# Is Tuneup Utilities Safe?



## Tankmaster (Dec 28, 2009)

I just wanna know because most programs that mess with the registry are not recommended. 

Like Advanced System Optimizer. A totally worthless program.

I wanna know if Tuneup Utilities is another one of those Problem creating software rather than problem solver.


----------



## DaveA (Nov 16, 1999)

Since it is heavy on the registry thing, I would not touch it.


----------



## Tankmaster (Dec 28, 2009)

Any other comments.


----------



## James4630 (Mar 2, 2009)

Tune-up Utilities has some useful programs (not the registry cleaner). As with most utility programs I've come across, they are not worth the price, because you can assemble the utilities yourself for free. If your knowledgeable you can do the tweaks yourself or with tweakUI.


----------



## zbd21 (Mar 2, 2005)

Letting a program change the registry is a quick way to mess up your computer.
I much prefer using ccleaner, defragment and disk cleanup for general maintenance.

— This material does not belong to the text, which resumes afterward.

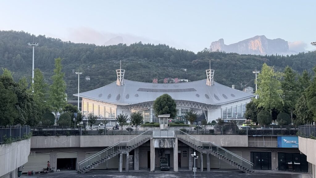 朝7時前、まだ薄暗い時間にホテルを出発。最近、あまり早起きしてなかったので朝がつらい。張家界駅の背後に見える山が天門山かな?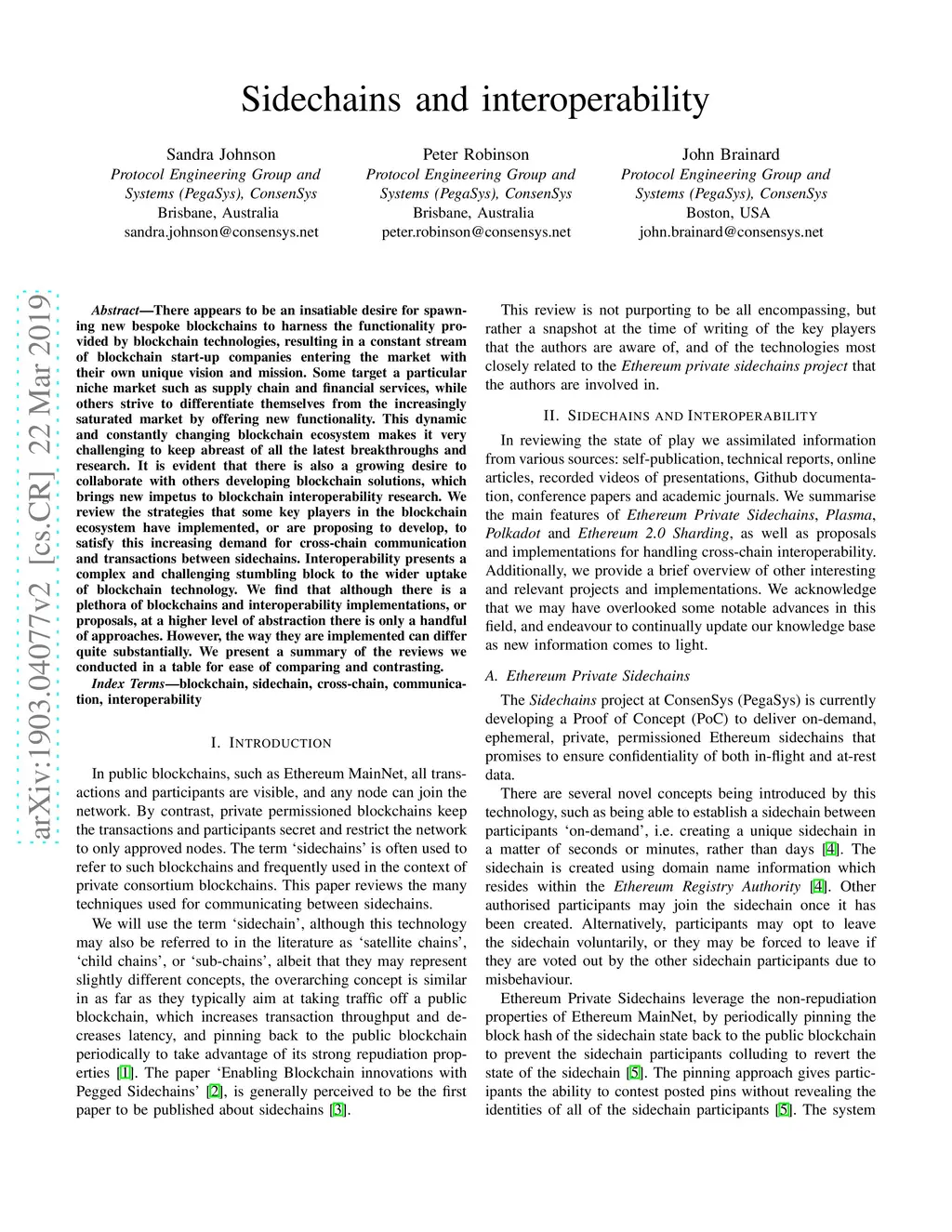 There appears to be an insatiable desire for spawning new bespoke blockchains to harness the functionality provided by blockchain technologies, resulting in a constant stream of blockchain start-up companies entering the market with their own unique vision and mission. Some target a particular niche market such as supply chain and financial services, while others strive to differentiate themselves from the increasingly saturated market by offering new functionality. This dynamic and constantly changing blockchain ecosystem makes it very challenging to keep abreast of all the latest breakthroughs and research. It is evident that there is also a growing desire to collaborate with others developing blockchain solutions, which brings new impetus to blockchain interoperability research. We review the strategies that some key players in the blockchain ecosystem have implemented, or are proposing to develop, to satisfy this increasing demand for cross-chain communication and transactions between sidechains. Interoperability presents a complex and challenging stumbling block to the wider uptake of blockchain technology. We find that although there is a plethora of blockchains and interoperability implementations, or proposals, at a higher level of abstraction there is only a handful of approaches. However, the way they are implemented can differ quite substantially. We present a summary of the reviews we conducted in a table for ease of comparing and contrasting.

http://majorgeeks.com/download4191.html
http://majorgeeks.com/Puran_Defrag_Free_Edition_d6360.html
http://support.microsoft.com/kb/310312


----------



## flavallee (May 12, 2002)

Tankmaster:

Don't waste your time or money on cleaner/optimizer/booster programs - especially the ones that allow you to "clean" the registry. They do nothing to improve speed or performance. What they can do is break programs and the operating system and possibly leave you with a non-functioning computer.

----------------------------------------------------------------


----------